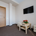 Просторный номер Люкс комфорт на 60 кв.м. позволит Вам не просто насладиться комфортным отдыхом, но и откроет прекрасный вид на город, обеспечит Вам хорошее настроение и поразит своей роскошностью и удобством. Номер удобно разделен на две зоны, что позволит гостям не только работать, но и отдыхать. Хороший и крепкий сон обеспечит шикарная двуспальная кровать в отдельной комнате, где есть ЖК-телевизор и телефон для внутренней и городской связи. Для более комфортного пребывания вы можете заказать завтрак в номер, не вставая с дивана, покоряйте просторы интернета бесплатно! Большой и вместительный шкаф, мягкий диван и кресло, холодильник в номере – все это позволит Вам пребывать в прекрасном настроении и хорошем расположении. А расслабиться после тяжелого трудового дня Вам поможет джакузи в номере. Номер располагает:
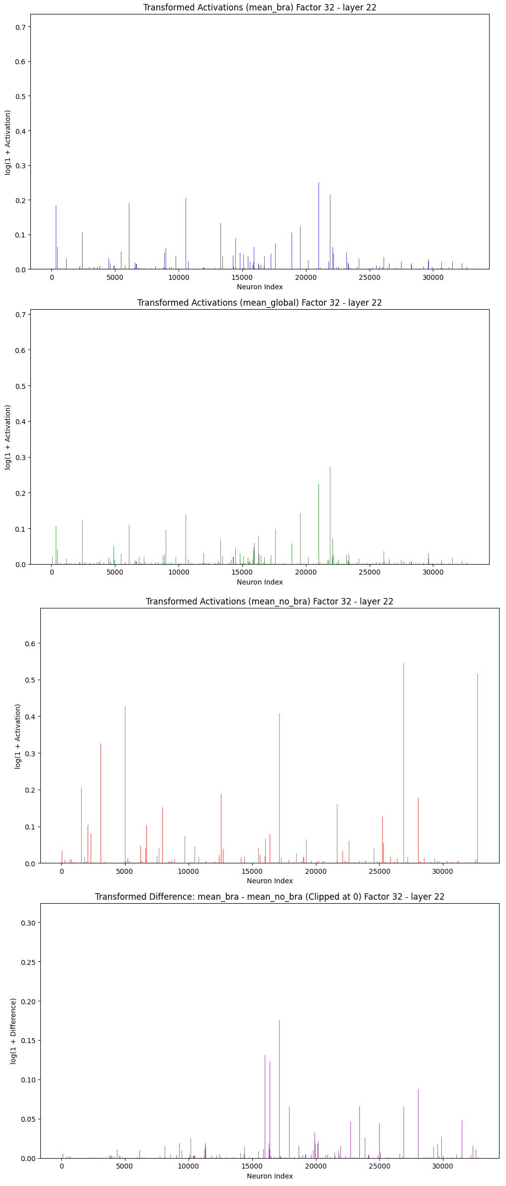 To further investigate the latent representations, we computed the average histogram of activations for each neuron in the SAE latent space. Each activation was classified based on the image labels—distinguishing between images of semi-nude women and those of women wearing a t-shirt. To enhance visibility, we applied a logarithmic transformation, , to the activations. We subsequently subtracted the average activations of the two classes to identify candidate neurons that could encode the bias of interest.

=-=-=-=-=

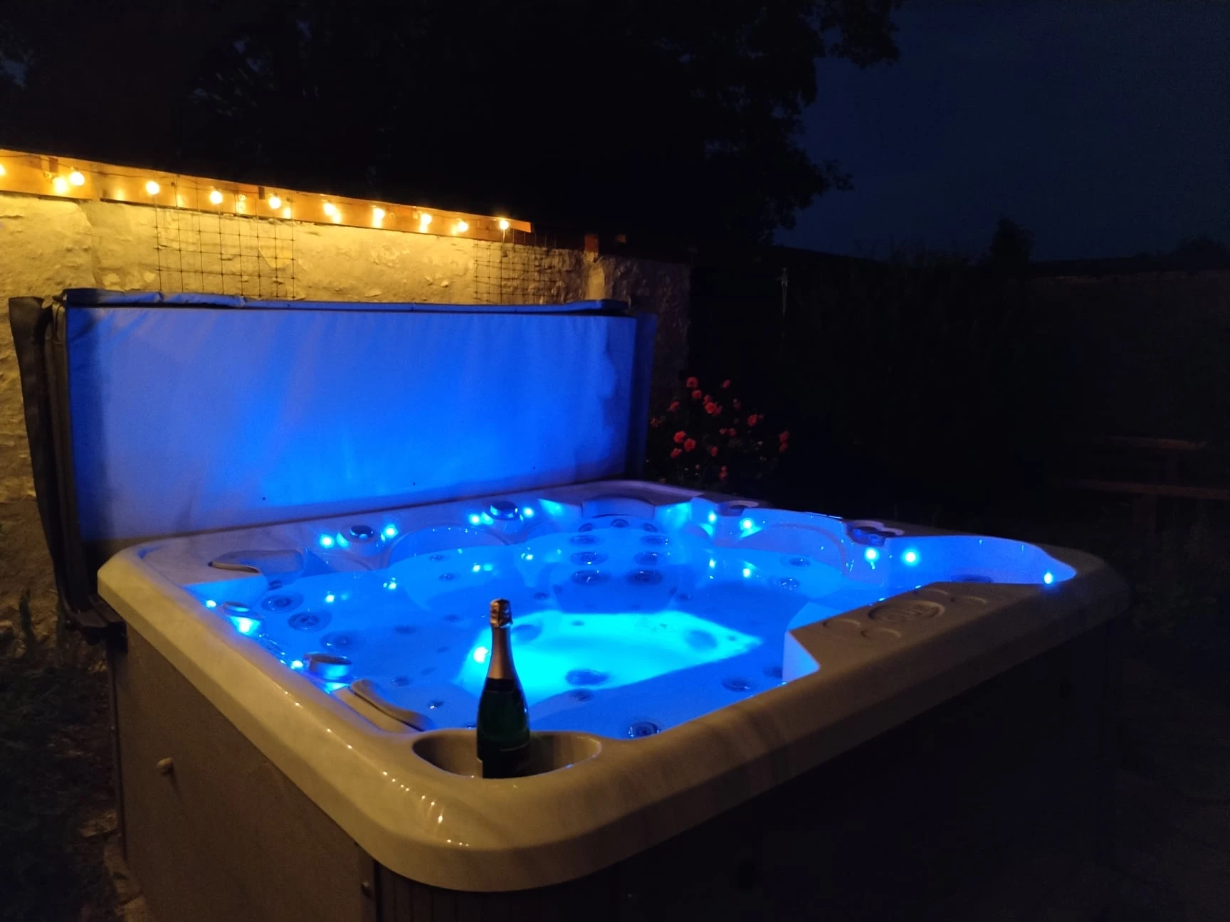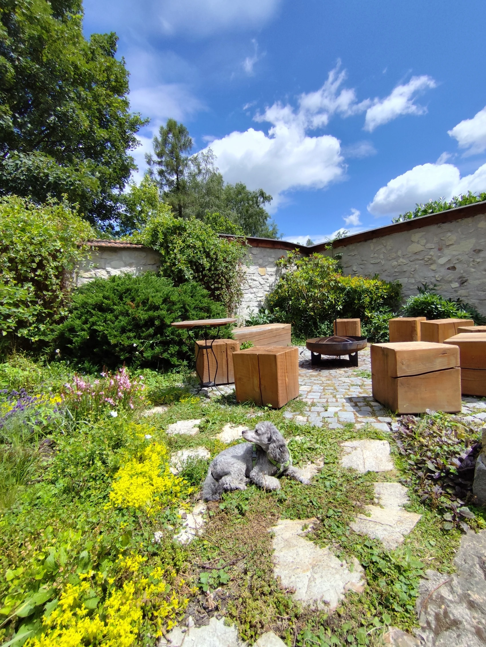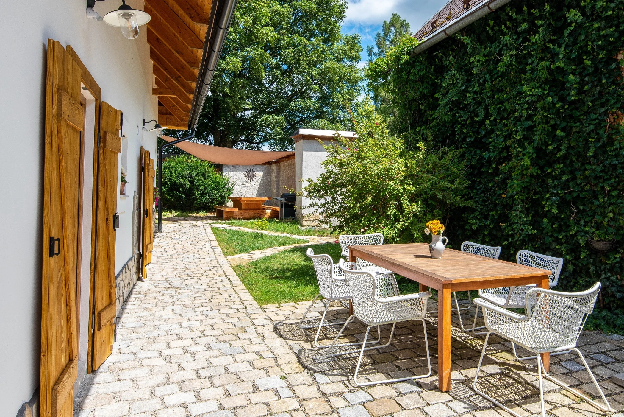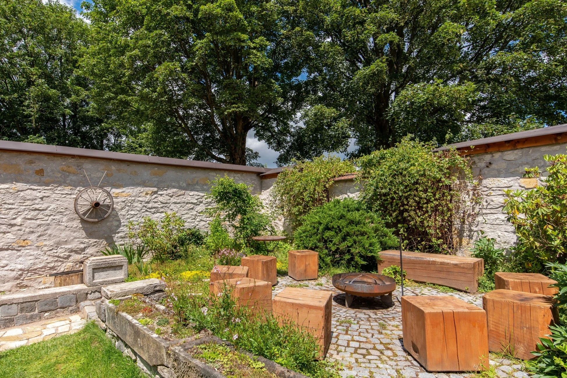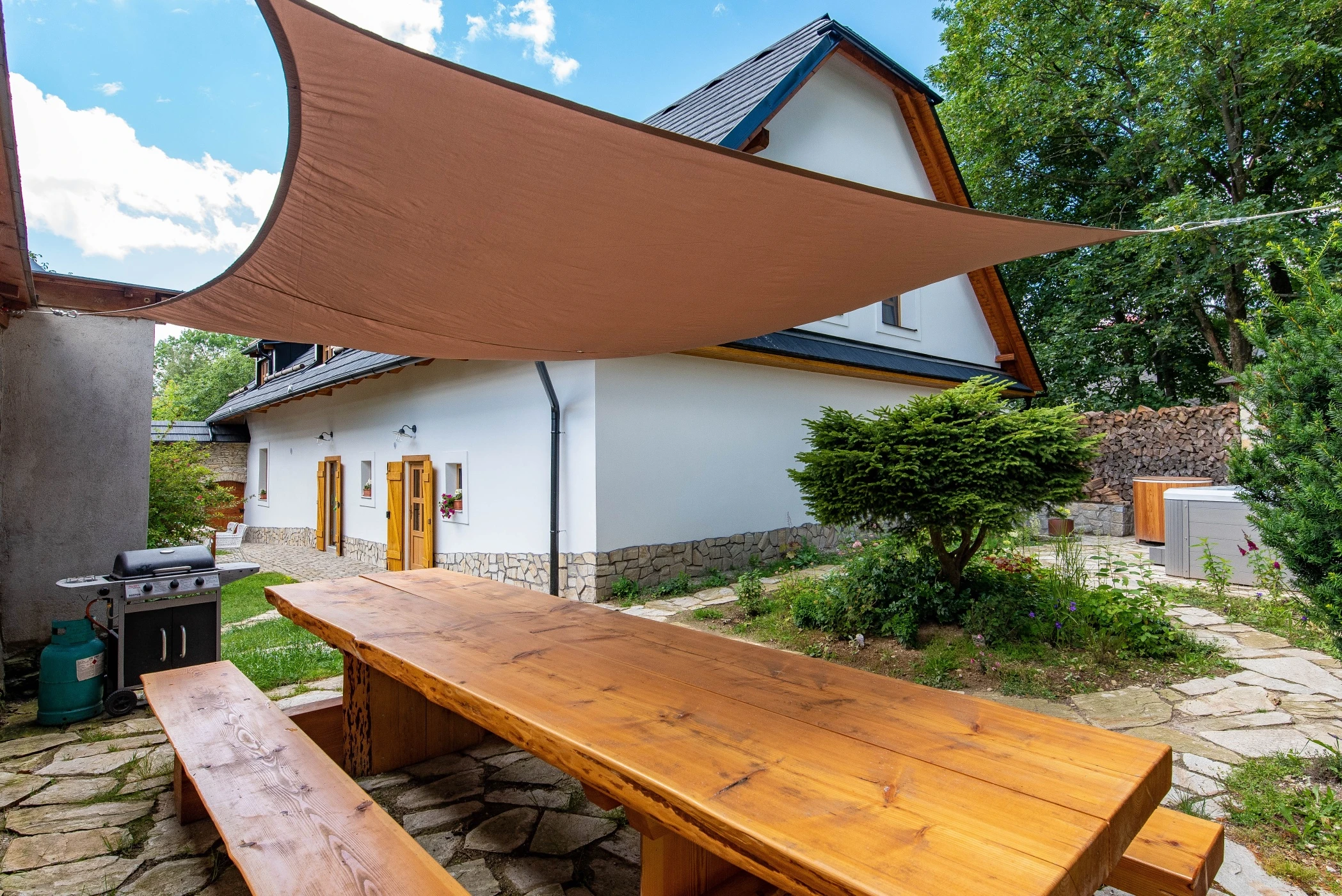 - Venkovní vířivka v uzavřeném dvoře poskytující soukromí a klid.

=-=-=-=-=

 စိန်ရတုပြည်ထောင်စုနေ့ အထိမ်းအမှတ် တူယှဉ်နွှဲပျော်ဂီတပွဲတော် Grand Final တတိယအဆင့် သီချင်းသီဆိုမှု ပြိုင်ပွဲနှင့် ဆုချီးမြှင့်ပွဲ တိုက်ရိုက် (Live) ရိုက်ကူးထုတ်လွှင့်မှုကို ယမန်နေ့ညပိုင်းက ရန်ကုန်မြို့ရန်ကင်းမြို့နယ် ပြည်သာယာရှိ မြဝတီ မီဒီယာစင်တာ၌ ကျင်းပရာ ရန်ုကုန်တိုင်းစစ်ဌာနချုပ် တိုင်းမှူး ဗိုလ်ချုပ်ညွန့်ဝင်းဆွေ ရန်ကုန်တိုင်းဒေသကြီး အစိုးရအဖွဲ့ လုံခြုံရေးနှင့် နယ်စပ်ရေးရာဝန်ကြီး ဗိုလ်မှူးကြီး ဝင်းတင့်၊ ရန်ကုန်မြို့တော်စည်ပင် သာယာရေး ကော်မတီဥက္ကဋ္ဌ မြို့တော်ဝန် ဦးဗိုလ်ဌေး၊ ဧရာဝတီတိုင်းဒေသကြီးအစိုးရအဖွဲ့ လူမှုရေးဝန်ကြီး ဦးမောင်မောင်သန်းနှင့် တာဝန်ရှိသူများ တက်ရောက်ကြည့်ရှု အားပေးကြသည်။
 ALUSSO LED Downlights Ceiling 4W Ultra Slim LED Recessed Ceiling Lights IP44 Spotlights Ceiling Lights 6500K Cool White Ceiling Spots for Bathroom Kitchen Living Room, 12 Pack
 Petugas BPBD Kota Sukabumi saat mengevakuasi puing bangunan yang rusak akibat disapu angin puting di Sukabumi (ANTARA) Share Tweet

=-=-=-=-=

* [What you will do]: Start with the line above containing "Просторный номер Люкс" and end with the line containing "To further investigate". Set down that stretch exactly, without any pictures.

* [Problem solution]:
 Просторный номер Люкс комфорт на 60 кв.м. позволит Вам не просто насладиться комфортным отдыхом, но и откроет прекрасный вид на город, обеспечит Вам хорошее настроение и поразит своей роскошностью и удобством. Номер удобно разделен на две зоны, что позволит гостям не только работать, но и отдыхать. Хороший и крепкий сон обеспечит шикарная двуспальная кровать в отдельной комнате, где есть ЖК-телевизор и телефон для внутренней и городской связи. Для более комфортного пребывания вы можете заказать завтрак в номер, не вставая с дивана, покоряйте просторы интернета бесплатно! Большой и вместительный шкаф, мягкий диван и кресло, холодильник в номере – все это позволит Вам пребывать в прекрасном настроении и хорошем расположении. А расслабиться после тяжелого трудового дня Вам поможет джакузи в номере. Номер располагает:
 To further investigate the latent representations, we computed the average histogram of activations for each neuron in the SAE latent space. Each activation was classified based on the image labels—distinguishing between images of semi-nude women and those of women wearing a t-shirt. To enhance visibility, we applied a logarithmic transformation, , to the activations. We subsequently subtracted the average activations of the two classes to identify candidate neurons that could encode the bias of interest.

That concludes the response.